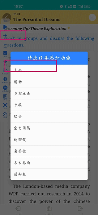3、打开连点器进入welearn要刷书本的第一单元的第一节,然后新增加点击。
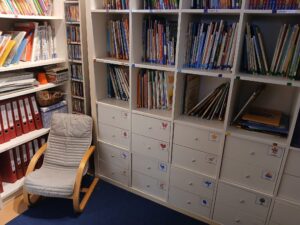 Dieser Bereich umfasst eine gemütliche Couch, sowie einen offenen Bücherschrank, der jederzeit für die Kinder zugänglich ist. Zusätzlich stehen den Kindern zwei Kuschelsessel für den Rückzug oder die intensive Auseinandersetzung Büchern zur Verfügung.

* * * *

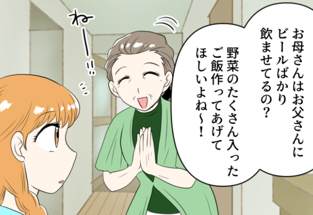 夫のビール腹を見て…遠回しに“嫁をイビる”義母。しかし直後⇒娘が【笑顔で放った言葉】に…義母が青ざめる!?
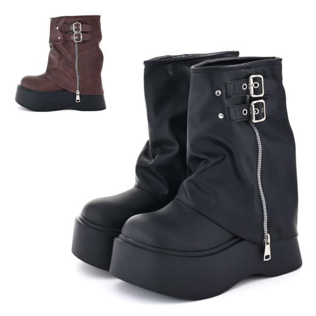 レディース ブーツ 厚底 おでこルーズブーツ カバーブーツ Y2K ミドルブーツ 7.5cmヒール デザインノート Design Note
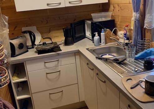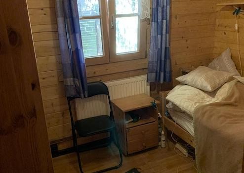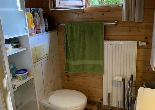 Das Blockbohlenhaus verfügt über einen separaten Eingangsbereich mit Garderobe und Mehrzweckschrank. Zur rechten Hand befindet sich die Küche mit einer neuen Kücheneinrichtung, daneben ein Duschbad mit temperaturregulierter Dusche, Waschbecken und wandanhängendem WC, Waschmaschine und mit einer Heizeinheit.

* * * *

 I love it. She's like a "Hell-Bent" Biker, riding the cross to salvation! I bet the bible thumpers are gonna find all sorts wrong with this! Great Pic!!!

* * * *

• **EXERCISE**
Look above for the line with "3、打开连点器进入welearn要刷书本的第一单元的第一节,然后新增加点击。" and the line with "Dieser Bereich umfasst"; set down those two lines and all lines between them exactly, without pictures and without anything else.

• **ANSWER SPACE**
3、打开连点器进入welearn要刷书本的第一单元的第一节,然后新增加点击。
 Dieser Bereich umfasst eine gemütliche Couch, sowie einen offenen Bücherschrank, der jederzeit für die Kinder zugänglich ist. Zusätzlich stehen den Kindern zwei Kuschelsessel für den Rückzug oder die intensive Auseinandersetzung Büchern zur Verfügung.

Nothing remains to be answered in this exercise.